8)Zero/Few shot learning

Zero-shot learning (ZSL) aims to recognize objects whose instances may not be seen during training. Zero shot learning belongs to transfer learning: the source feature space is of training instances, and the target feature space is of testing instances. They are the same. The label spaces are different, seen set and unseen set.

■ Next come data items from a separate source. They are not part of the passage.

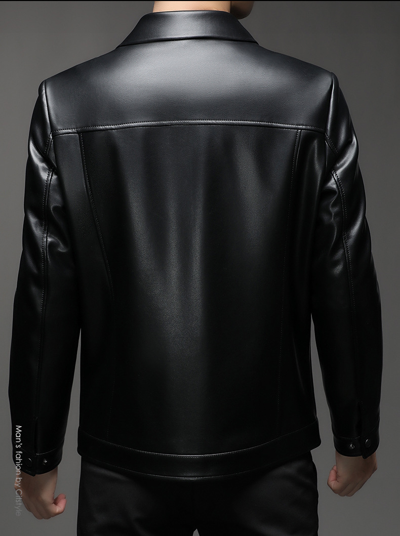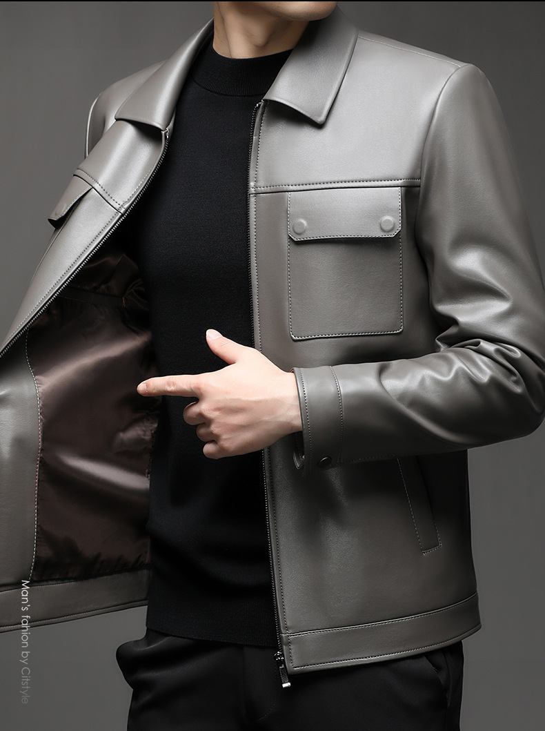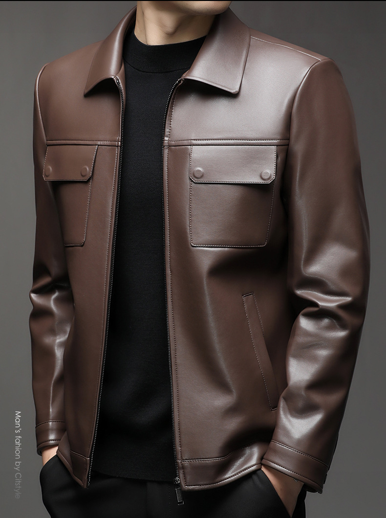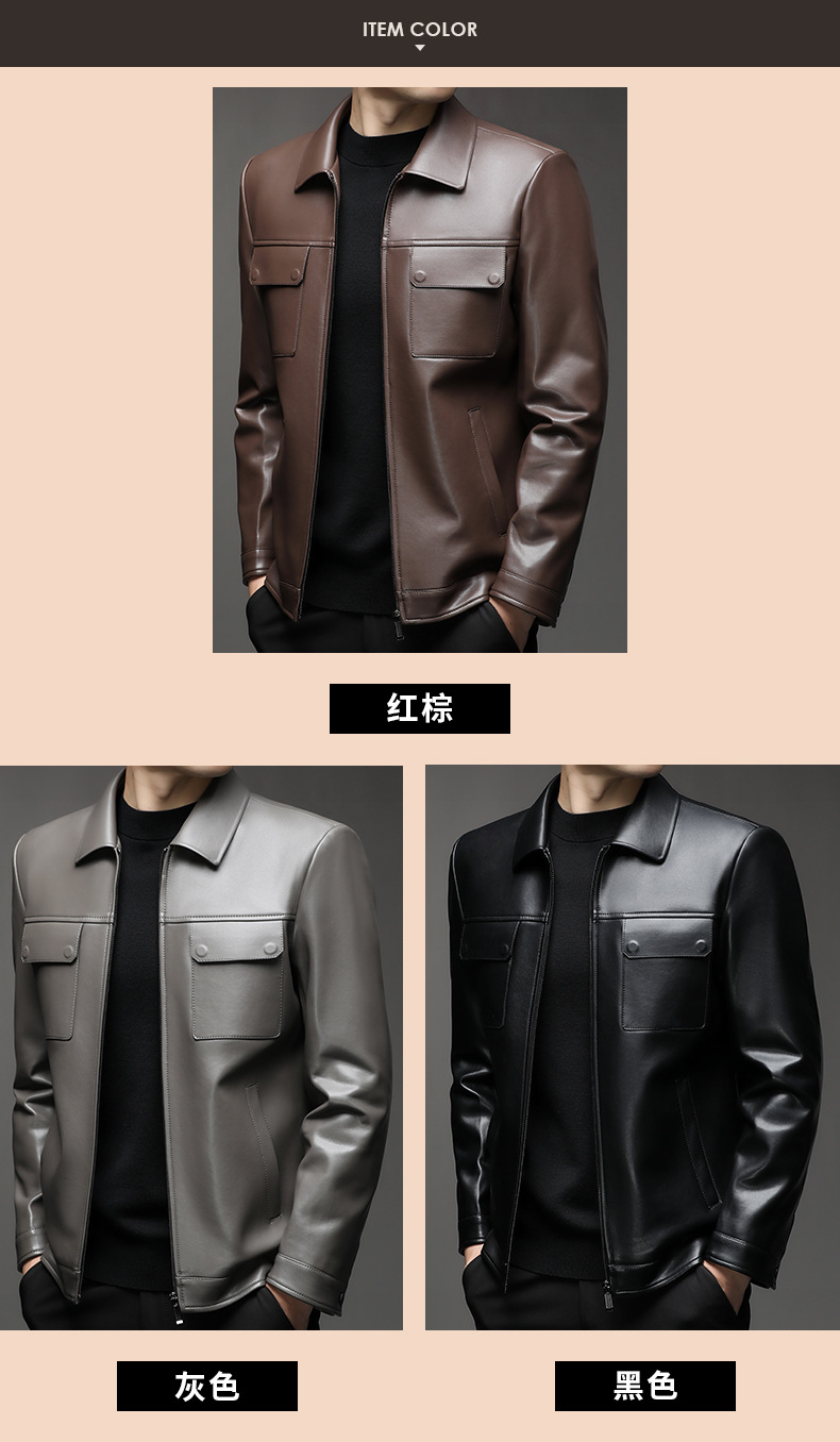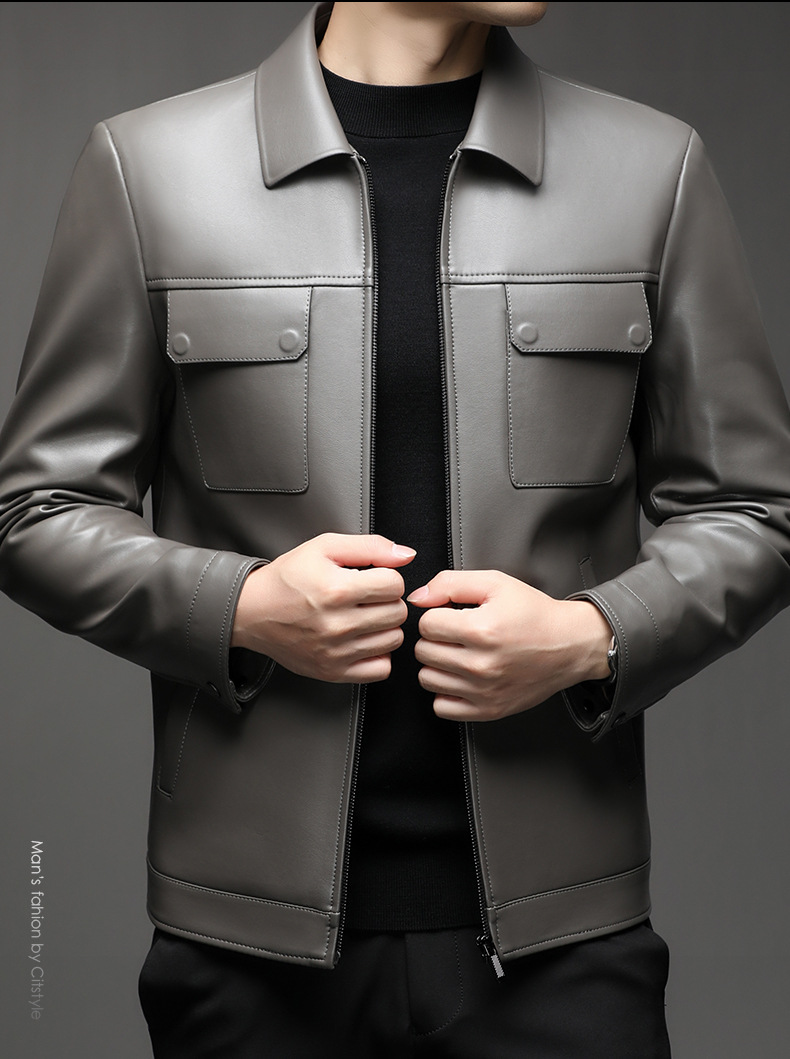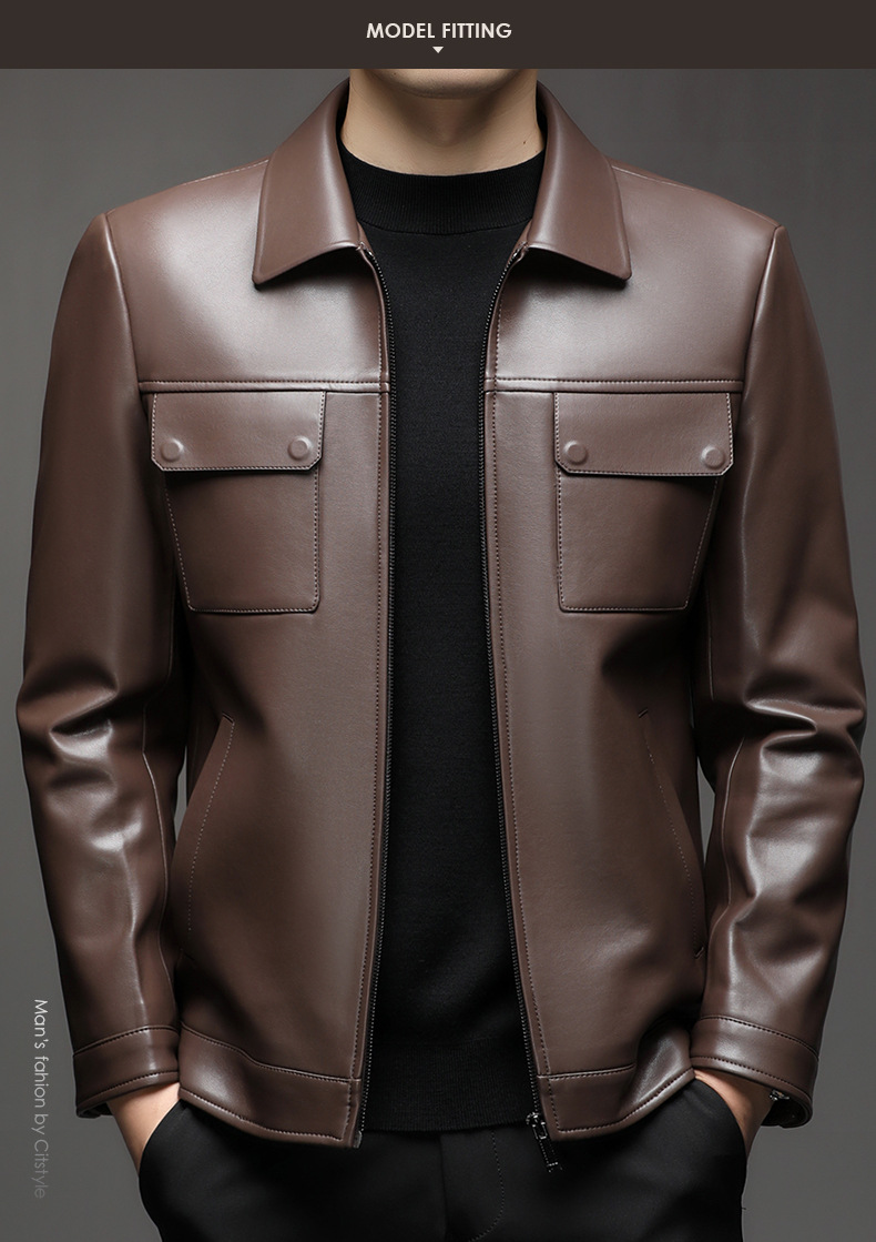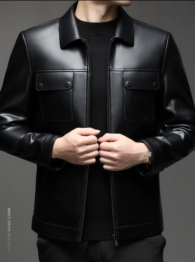 Áo khoác da cừu cho nam, thiết kế kiểu dáng thể thao phóng khoáng với cổ bẻ. Sản phẩm có chất liệu da mềm mại, tạo cảm giác dễ chịu khi mặc. Áo phù hợp cho các dịp đi chơi, dạo phố vào mùa thu đông. Bạn có thể kết hợp linh hoạt với nhiều loại trang phục như áo thun, quần jeans để có phong cách trẻ trung. Mặc áo và giặt nhẹ nhàng theo hướng dẫn để giữ form dáng và độ bền đẹp theo thời gian. | Tên sản phẩm: Áo Da Nam Kín Cổ Hàng Mùa Xuân Thu Đông Trung Niên - Thời Trang Nam | Mã sản phẩm: B5441 - Giá: 2.390.000đ | Mã nhà sản xuất: SHRYCT-G05Hình ảnh sản phẩm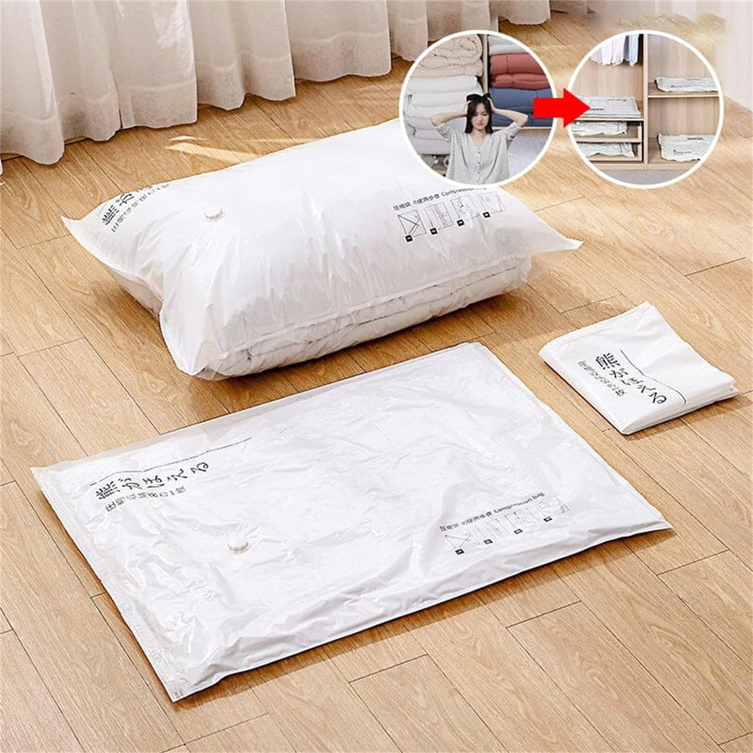 Cumpără Saci de compresie în vid (Set 5 Bucăți + Pompă) și bucură-te de mai mult spațiu, o casă ordonată și articole textile protejate în orice sezon!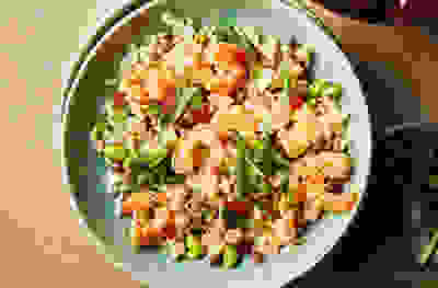 Prawn & edamame rice with salad onions and soy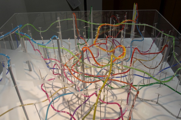 Tokyo’s extensive metro and train system recreated in colored water and air bubbles by Takatsugu Kuriyama.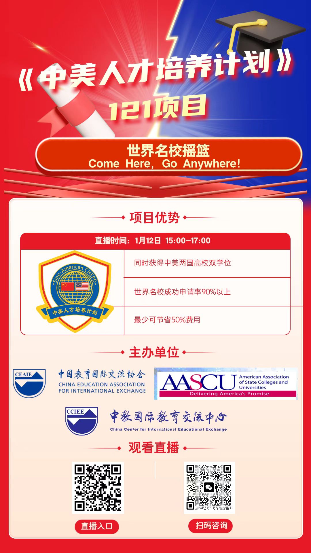 《中美人才培养计划》121项目宣讲会将于2025年1月12日下午15:00——17:00进行线上直播,请有意向的同学按时扫码收看,直播入口和咨询群组二维码见下图: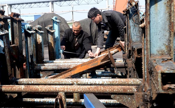 礦兩名職工用尺子在廢料堆里“尋寶”。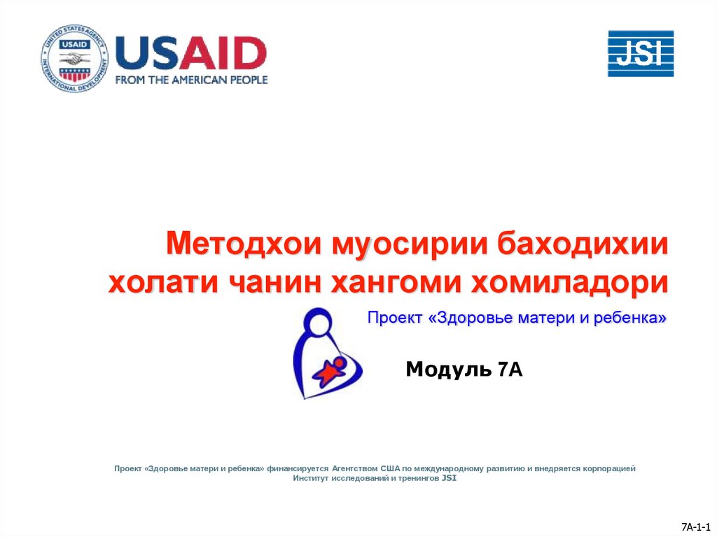 Проект «Здоровье матери и ребенка»Модуль 7А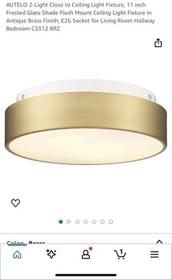 AUTELO 2-Light Close to Ceiling Light Fixture, 11 inch Frosted Glass Shade Flush Mount Ceiling Light Fixture in Antique Brass Finish, E26 Socket for L$35Chicago, IL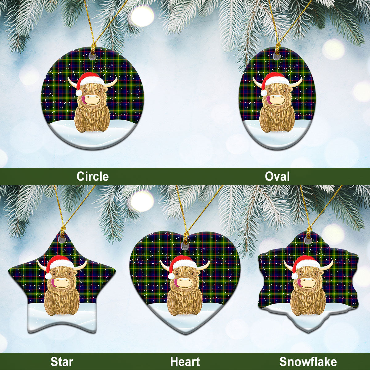 Watson Modern Tartan Christmas Ceramic Ornament - Highland Cows Style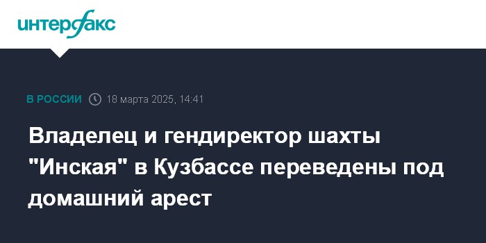 "В понедельник, 17 марта 2025 года, (...) суд изменил меру пресечения Денису Немыкину (генеральный директор шахты Инская) и Юрию Байченко (владелец шахты) с заключения под стражу на домашний арест", - говорится в сообщении.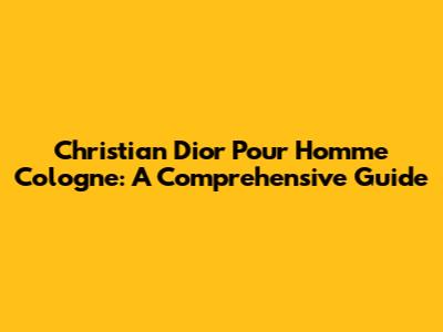 Christian Dior Pour Homme Cologne: A Comprehensive Guide

Few-Shot Learning (FSL) comes for learning from limited supervised information to get the hang of the task. FSL can be supervised learning, semi-supervised learning and reinforcement learning, depending on what kind of data is available apart from the limited supervised information. Many FSL methods are meta-learning methods, using the meta-learner as prior knowledge.

Some latest work are:

**“Don’t Even Look Once: Synthesizing Features for Zero-Shot Detection“**

**“Zero-Shot Learning on 3D Point Cloud Objects and Beyond“**

“**Self-Supervised Few-Shot Learning on Point Clouds”**

“**Few-Shot Object Detection and Viewpoint Estimation for Objects in the Wild**“

“**Few-shot 3D Point Cloud Semantic Segmentation**“

9)Continual learning/Open world learning

Continual learning can continually accumulate knowledge over different tasks without the need to retrain from scratch. Three families, based on how task specific information is stored and used throughout the sequential learning process:

• Replay methods

• Regularization-based methods

• Parameter isolation methods

A continual learning survey: Defying forgetting in classification tasks

Open set recognition (OSR), where incomplete knowledge of the world exists at training time, and unknown classes can be submitted to an algorithm during testing, requiring the classifiers to not only accurately classify the seen classes, but also effectively deal with unseen ones.

Open world learning can be seen as a sub task of continual learning.

Some recent work are given as

· “**Towards Open World Object Detection“**

**“OpenGAN: Open-Set Recognition via Open Data Generation**”

· “**Large-Scale Long-Tailed Recognition in an Open World**“

7 Conclusion

In summary, the key in the data closed loop building is the sourceful data. The data driven models or algorithms applied to solve autonomous driving tasks is the base. The trend for this system upgrade depends on:

• Data mode (camera, LiDAR, radar, IMU etc.)

• Data driven model architecture (AutoML)

• Policy to select and use the data (Corner case).